In its 2022 budget proposal, the Department of Health and Human Services sometimes uses the locution “birthing people” in place of “mothers,” apparently to include females who present themselves as men but have not been surgically rendered infertile. Cole Aronson seeks to explain why this linguistic contortion betrays something more sinister than politically correct absurdity:
If a mother is just a birthing person, a mere channel introducing into the world an otherwise rootless individual, then a mother’s child is not hers in any morally thick sense.
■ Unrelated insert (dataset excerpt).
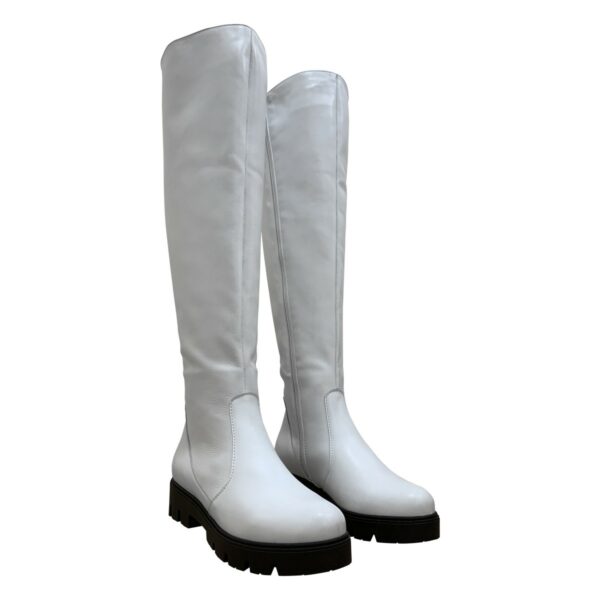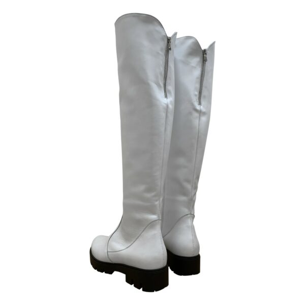 Стильные женские ботфорты из натуральной кожи белого цвета с регулировочным клапаном в верхней части сапога на утолщенной подошве.
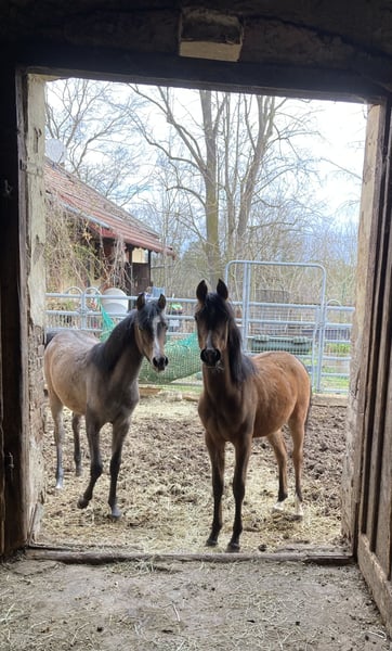 Aus privaten Gründen muss ich mich leider von meiner selbstgezogenen Jungstute trennen. Ellie wurde letztes Jahr (03/2025) bei mir geboren, geht brav am Halfter und gibt schon brav Hufe. Sie ist auch schon brav beim Schmied. Ellie ist aufgrund ihrer Abstammung sowohl für die Zucht, den Sport als auch für die Freizeit interessant. Ellie besitzt wunderbare, elastisch-weiche Gänge, welche jetzt schon auf ein tolles und komfortables Reitpferd hindeuten!! Sie kann natürlich auch weiterhin zur Aufzucht da bleiben, steht mit einer gleichaltrigen Stute gemeinsam über Nacht zusammen, tagsüber dann draußen, kennt daher Koppel und Box. Ist im Herdenverband aufgewachsen. Geimpft, gechippt und regelmäßig entwurmt! Preis ist VHB. Ansehen lohnt sich! Transport möglich. Bitte anrufen oder per WhatsApp anfragen :)

If children are raised to believe parental authority is arbitrary, and if lawyers and policymakers ingest the same vision, then the rich network of claims and duties binding parents to children will become publicly unintelligible. Those interested in defending parenthood should explain its basis, rather than just sputtering their umbrage at the latest progressive assault on our language and thought.
Motherhood is (like fatherhood) sourced in biology, but not exhausted by it. It’s a thickly normative office. You can be a better or a worse mother, dutiful in your maternal obligations or negligent of them. . . . What would it even mean, by contrast, to be a good birthing person, or to act like one? The nomenclature refers to an hours-long event, and indicates no deeper prior bond, nor any relationship to follow.
Why would they allow youngsters to remain tyrannized by the caprices of birthing people and (I dunno) sperm bearers? And why would young adults who might otherwise raise families feel any obligation to the human beings their bodies disgorge? . . . Why, in short, would anyone choose motherhood in a society that holds motherhood in contempt?